Юлия вздохнула, внимательно посмотрела на Симона, молча налила себе, выпила одним махом, ещё раз налила и выпила, всё это под заинтересованным взглядом бывшего мужа.

— А знаешь, ты прав. Потом волосы на голове будем рвать… А сейчас… — Юля кокетливо улыбнулась, немного скованно, умение флиртовать забылось за давностью лет, да и было ли оно. — Не хочешь ли ты помочь не только словом, но и делом? — почти пропела Юля, накручивая на палец прядь.

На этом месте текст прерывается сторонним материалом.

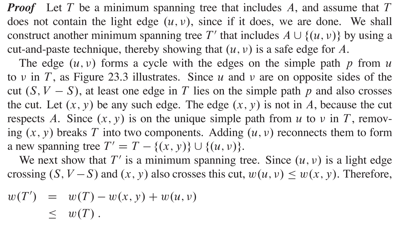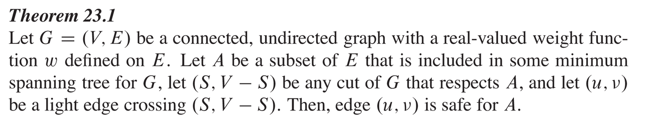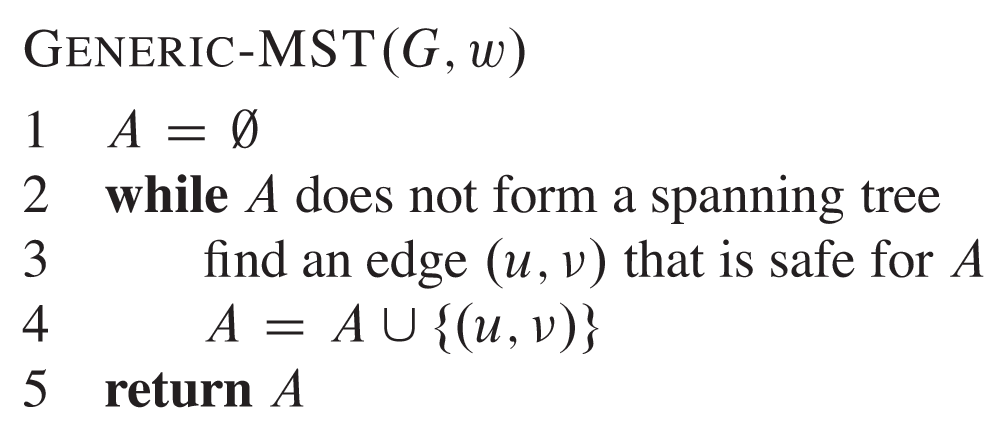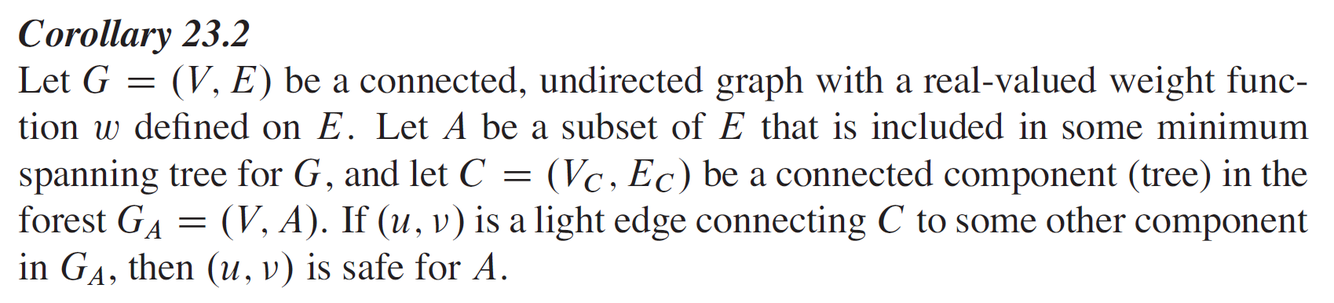 Prior to each iteration, A is a subset of some mininum spanning tree.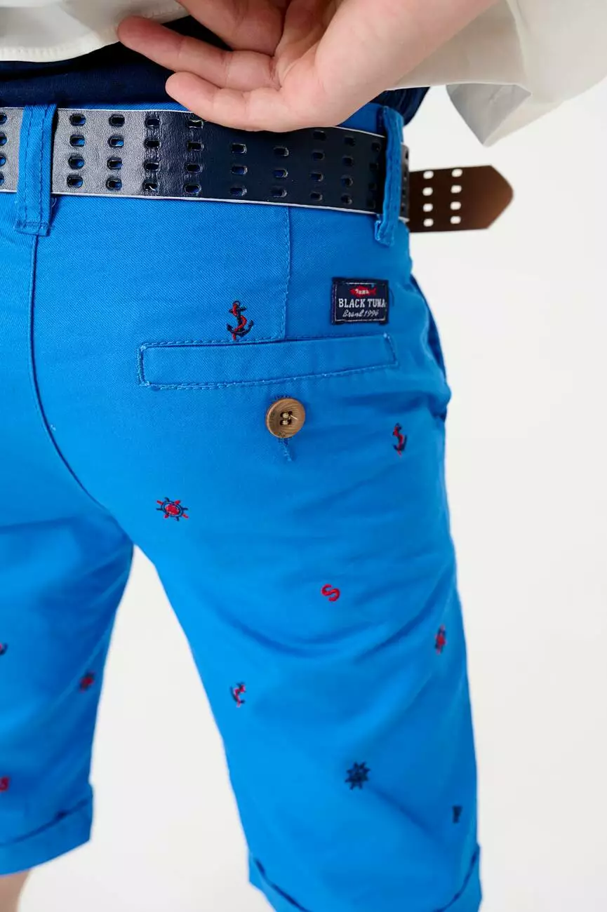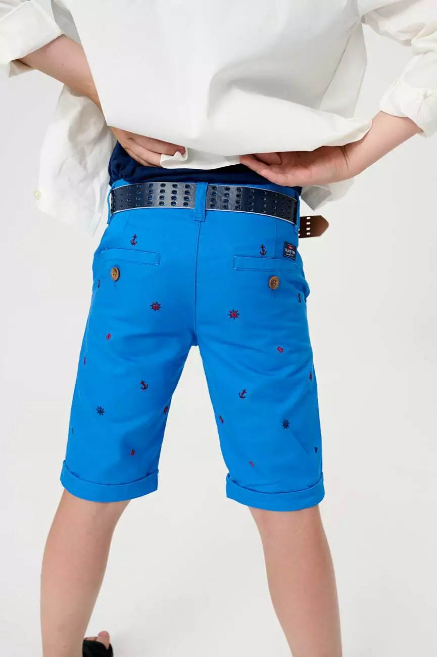 Деталі моделі: однотонні шорти, синього кольору. Середня висота по лінії талії. Застібка – на блискавці. Спереду та ззаду є кишені. Низ брючин з підворотом. За бажанням, шорти можна носити з ремінцем. Довжина виробу – до коліна. Сезон: весна-літо. Матеріал виробу: бавовна.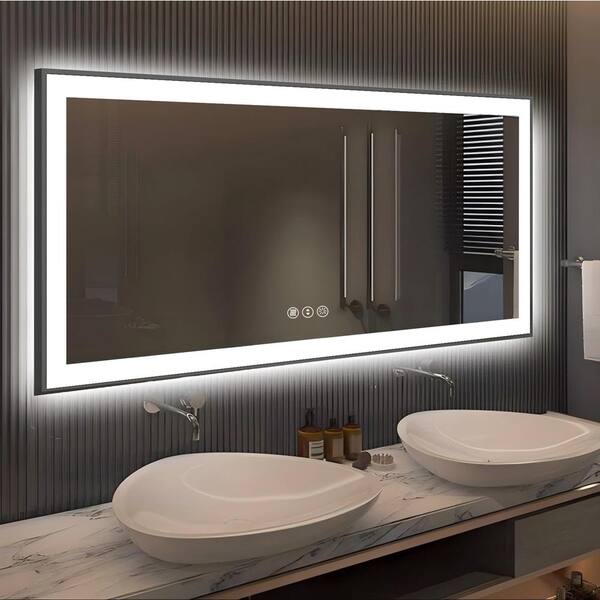 Aura 60 in. W x 30 in. H Rectangular Frameless Anti-Fog Ceiling Wall Mount Bathroom Vanity Mirror in Silver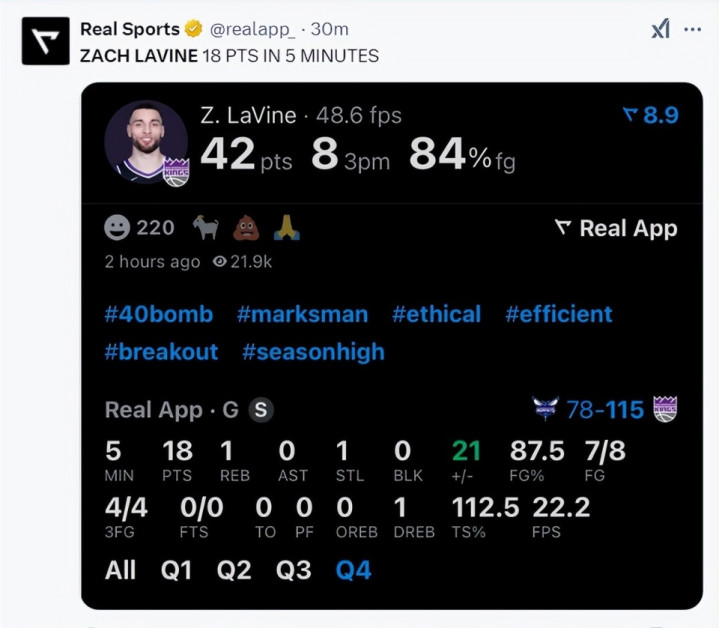 本场比赛,扎克-拉文成为全场焦点。他在上半场表现神勇,9投8中,三分球4投全中,砍下22分、2个篮板和1次助攻。他不仅在进攻端效率惊人,还以超过105%的真实命中率展现了恐怖的得分能力。下半场,拉文继续保持火热状态,末节仅出战5分钟就8投7中,三分球4投4中,独得18分、1个篮板和1次抢断。黄蜂全队末节仅得16分,而拉文一人几乎与之持平。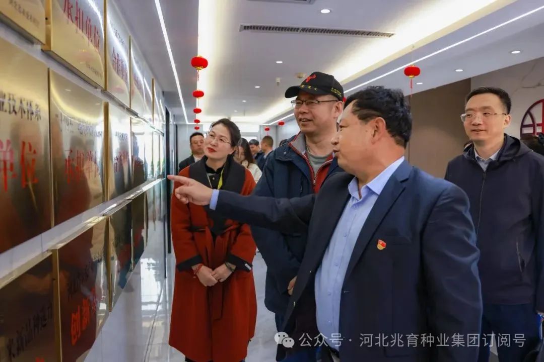 来到兆育种业集团石家庄总部,集团副总裁、总农艺师贺东刚向大北农集团邵博士一行介绍兆育集团发展历程与荣誉墙陈列的重要奖项成就。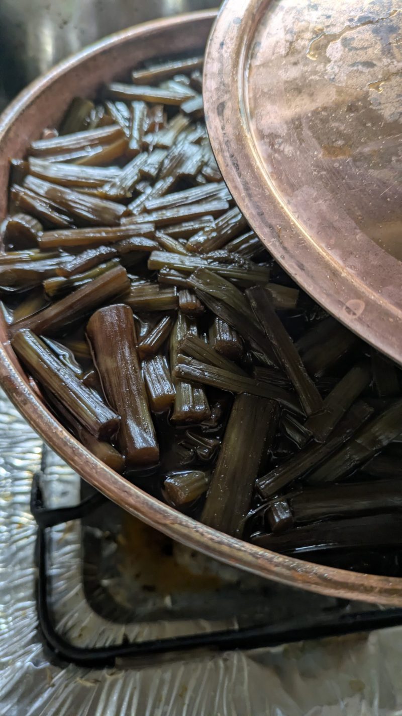 さらにそこから、なるべく蓋を開けずに…じっくり炊くと、蓋のすき間から蕗らしい清々しさとつくだ煮の甘辛い醤油のいい香りが立ち上り家中に広がります。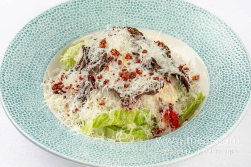 Айсберг, томати чері, соус цезар, королівські креветки, пармезан.

— Чем именно? — Симон улыбнулся.

— Займись со мной сексом, что ли…

— Выпей ещё и не говори ерунды, — после минутной паузы ответил Симон.

— Нет? — удивилась Юля

— Естественно, нет, — спокойно повторил Симон.

— Не такая красивая, как раньше? — Юля смотрела на бывшего мужа с откровенным вызовом.

— Поражаюсь тебе, Юлька, — добродушно улыбнулся Симон. — Насколько же у тебя лабильные моральные принципы и гибкая совесть. Кто ты, женщина? Что ты сделала с девочкой, которая до брака отказывалась грудь показать?

Симон продолжал улыбаться, как ни в чём ни бывало. Словно не было между ними разрушенного брака, Юлиной измены, сегодняшнего разговора. Не случались победы и поражения. Не было боли, радости, любви — ничего не было.

— Выросла, — пожала плечами Юля и прищурилась, вызывающе поправляя декольте: — Точно нет?

— Нет, хоть и заманчиво. — взгляд Симона изменился, красноречиво потемнел, пробежался по светлому платью, тонкой талии, остановился на линии декольте, очертил контур губ… Оценивающе, раздевающее, нахально, так, как отвыкла Юля. — Красивая ты, маленький.

— Что, о собственном нравственном облике печёшься? — усмехнулась Юля, уже приняв отказ. Нет, значит, нет.

— Не пострадал бы мой нравственный облик. Я несвободен, — заявил Симон, откусывая с хрустом солёный огурец.